Electronic health record-based clinical decision support alert for severe sepsis: a randomised evaluation.

机构信息

Department of Medicine - Biomedical Informatics Research, Hospital Medicine, and Primary Care and Population Health, Stanford University, Stanford, California, USA

Clinical Excellence Research Center, Stanford University, Stanford, California, USA.

出版信息

BMJ Qual Saf. 2019 Sep;28(9):762-768. doi: 10.1136/bmjqs-2018-008765. Epub 2019 Mar 14.

Abstract

BACKGROUND

Sepsis remains the top cause of morbidity and mortality of hospitalised patients despite concerted efforts. Clinical decision support for sepsis has shown mixed results reflecting heterogeneous populations, methodologies and interventions.

OBJECTIVES

To determine whether the addition of a real-time electronic health record (EHR)-based clinical decision support alert improves adherence to treatment guidelines and clinical outcomes in hospitalised patients with suspected severe sepsis.

DESIGN

Patient-level randomisation, single blinded.

SETTING

Medical and surgical inpatient units of an academic, tertiary care medical centre.

PATIENTS

1123 adults over the age of 18 admitted to inpatient wards (intensive care units (ICU) excluded) at an academic teaching hospital between November 2014 and March 2015.

INTERVENTIONS

Patients were randomised to either usual care or the addition of an EHR-generated alert in response to a set of modified severe sepsis criteria that included vital signs, laboratory values and physician orders.

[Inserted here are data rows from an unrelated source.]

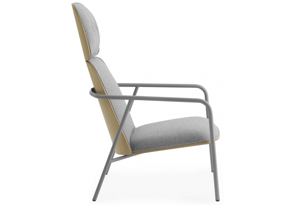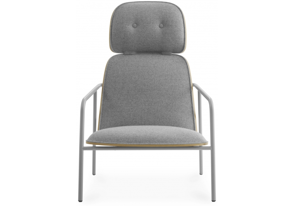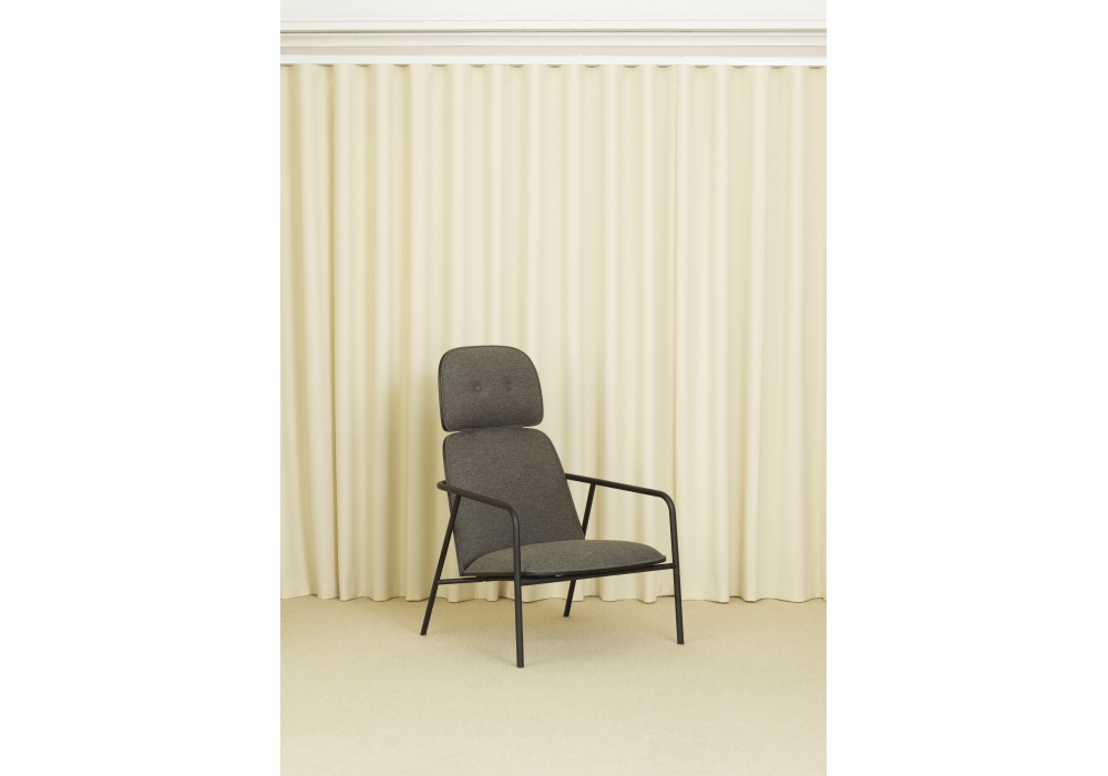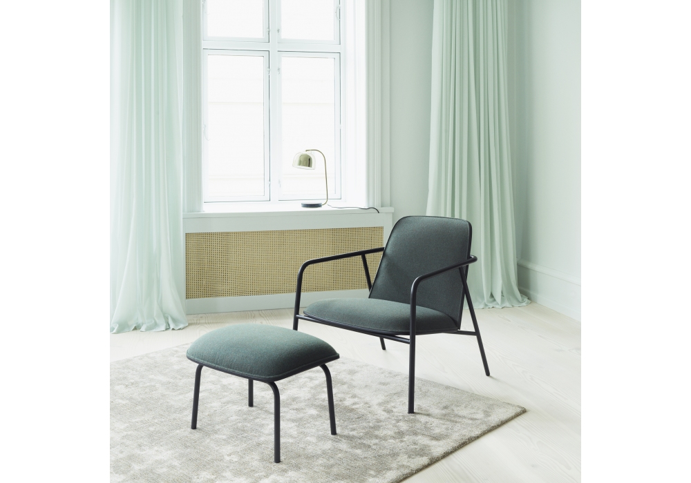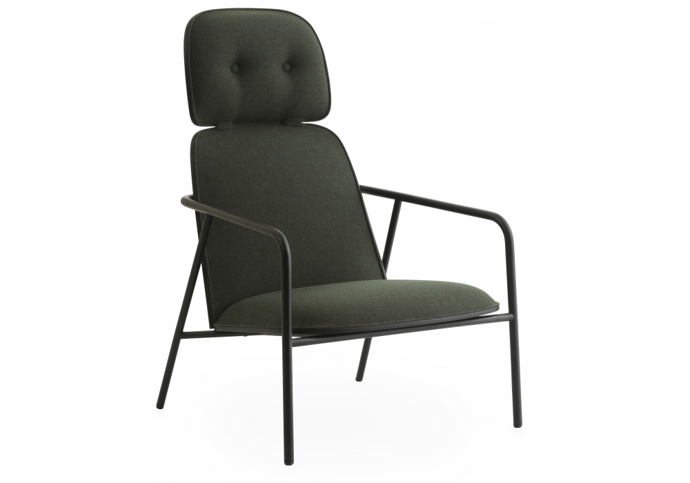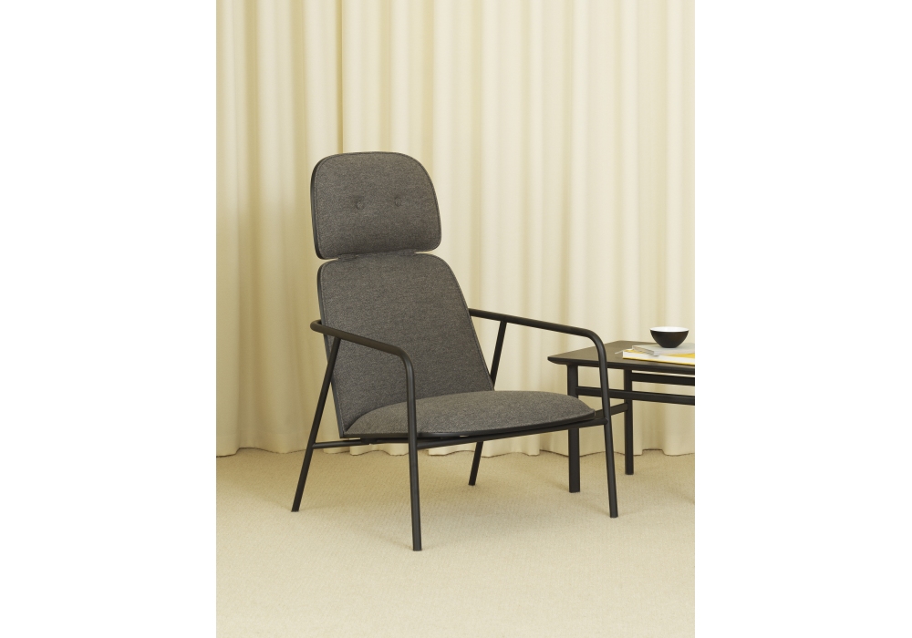 Pad, designed by Simon Legald for Normann Copenhagen is a seat, with tubular structure in black or gray powder coated steel. Seat, back and headboard are in wood, in black or natural wood finishes, padded with PU foam covered with fabric or leather in different colors.
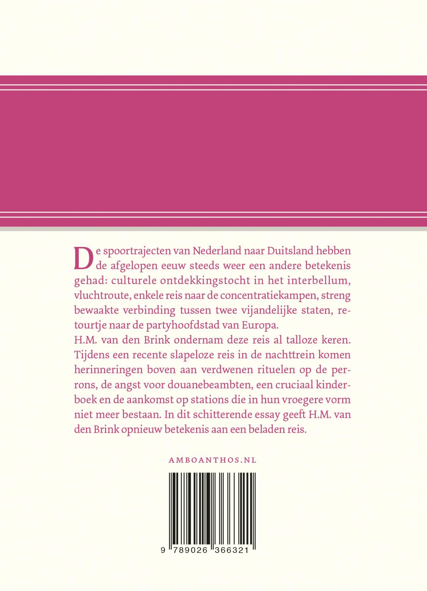 H.M. van den Brink ondernam deze reis al talloze keren. Tijdens een recente slapeloze reis in de nachttrein komen herinneringen boven aan verdwenen rituelen op de perrons, de angst voor douanebeambten, een cruciaal kinderboek en de aankomst op stations die in hun vroegere vorm niet meer bestaan. In dit schitterende essay geeft H.M. van den Brink opnieuw betekenis aan een beladen reis.
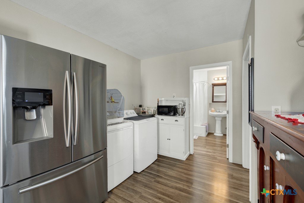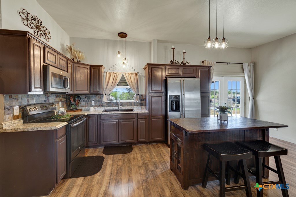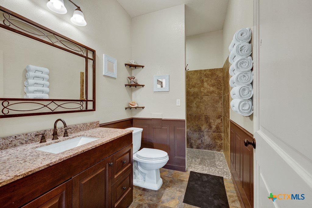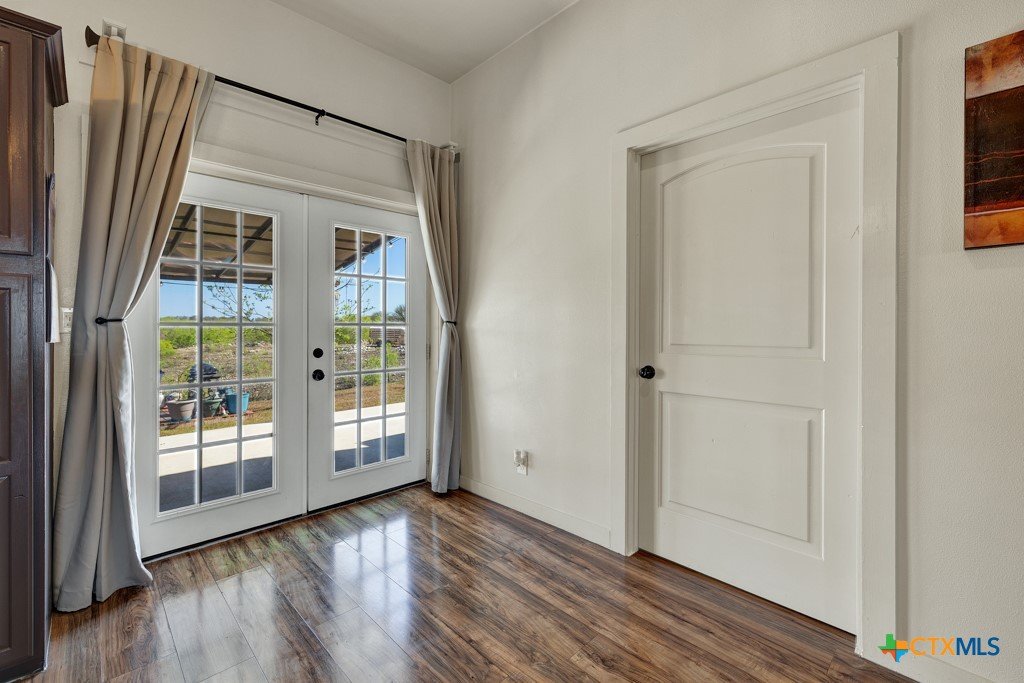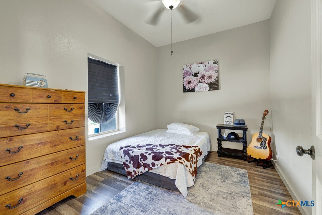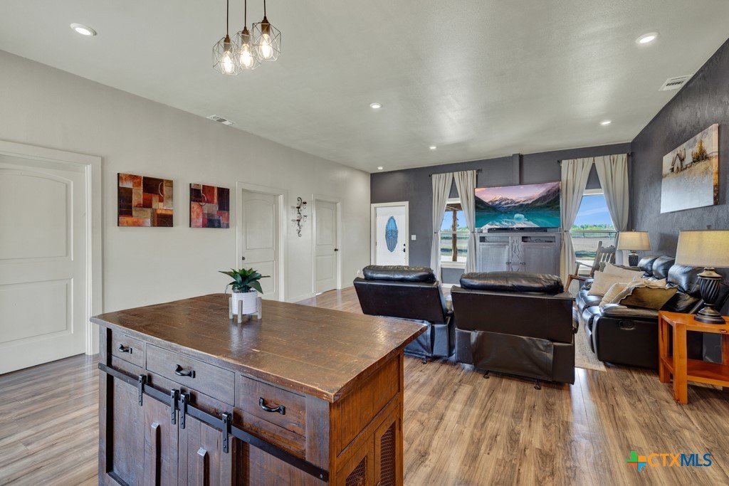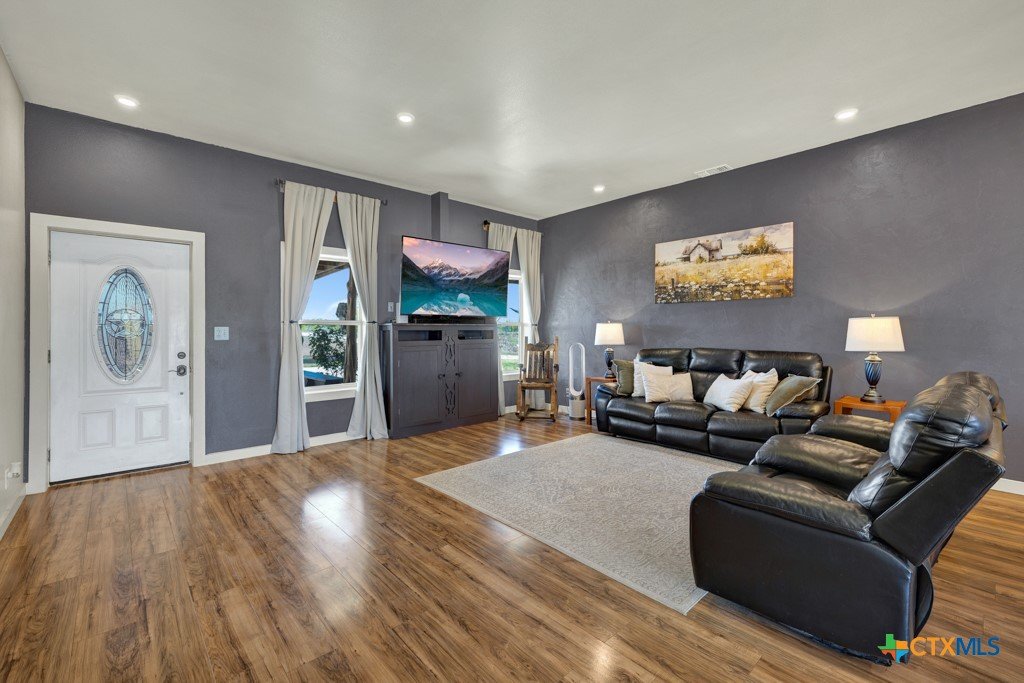 Discover 10 unrestricted acres offering exceptional access and dual residences—an ideal opportunity for those seeking space, flexibility, and scenic surroundings. The custom-built barndominium features durable 9-inch exterior insulated walls, with additional insulation in the attic and between interior walls for enhanced comfort and efficiency. The main home includes 1500 sq ft., four bedrooms, and an open-concept design, allowing for versatile living arrangements. The absence of built-in closets provides the freedom to customize storage solutions, whether through armoires or the addition of tailored closet spaces. The guest house is 750 sq ft, equally well-constructed and offers a spacious bedroom and bath, along with an inviting open layout that seamlessly connects the living, dining, and kitchen areas—perfect for extended family or guests. Step outside either residence to enjoy consistent breezes, as the property is situated along one of the highest elevations in the county. Take in expansive views stretching toward San Marcos, Seguin, and the surrounding countryside. The front portion of the property features a 24x30 garage suitable for multiple vehicles, as well as a five-bay 20 x 60 workshop with 10' roll-up doors, and is ideal for projects, storage, or business use. Additional amenities include two RV hookups and full perimeter fencing. With abundant space and flexibility, the property offers endless potential—whether continuing the established wildlife sanctuary or creating your own outdoor retreat.

MEASUREMENTS AND MAIN RESULTS

There was no significant difference between the intervention and control groups in primary outcome of the percentage of patients with new antibiotic orders at 3 hours after the alert (35% vs 37%, p=0.53). There was no difference in secondary outcomes of in-hospital mortality at 30 days, length of stay greater than 72 hours, rate of transfer to ICU within 48 hours of alert, or proportion of patients receiving at least 30 mL/kg of intravenous fluids.

CONCLUSIONS

An EHR-based severe sepsis alert did not result in a statistically significant improvement in several sepsis treatment performance measures.

摘要

背景

尽管已经做出了协同努力,败血症仍然是住院患者发病率和死亡率的首要原因。败血症的临床决策支持已经显示出混合的结果,反映了不同的人群、方法和干预措施。

目的

确定在疑似严重败血症的住院患者中,添加基于实时电子健康记录 (EHR) 的临床决策支持警报是否可以提高治疗指南的依从性和临床结果。

设计

患者水平随机化,单盲。

设置

学术、三级保健医疗中心的内科和外科住院病房。

患者

2014 年 11 月至 2015 年 3 月期间,在一家学术教学医院的住院病房(不包括重症监护病房 (ICU))收治的 1123 名 18 岁以上的成年人。

干预措施

患者被随机分配到常规护理组或 EHR 生成的警报组,以响应一组经过修改的严重败血症标准,其中包括生命体征、实验室值和医生医嘱。

测量和主要结果

在警报后 3 小时新抗生素医嘱的患者比例(35%比 37%,p=0.53)这一主要结局方面,干预组和对照组之间没有显著差异。次要结局,包括 30 天内院内死亡率、住院时间超过 72 小时、在警报后 48 小时内转至 ICU 的比率以及接受至少 30ml/kg 静脉补液的患者比例,两组之间也没有差异。

结论

基于 EHR 的严重败血症警报并没有在几个败血症治疗效果指标上产生统计学上的显著改善。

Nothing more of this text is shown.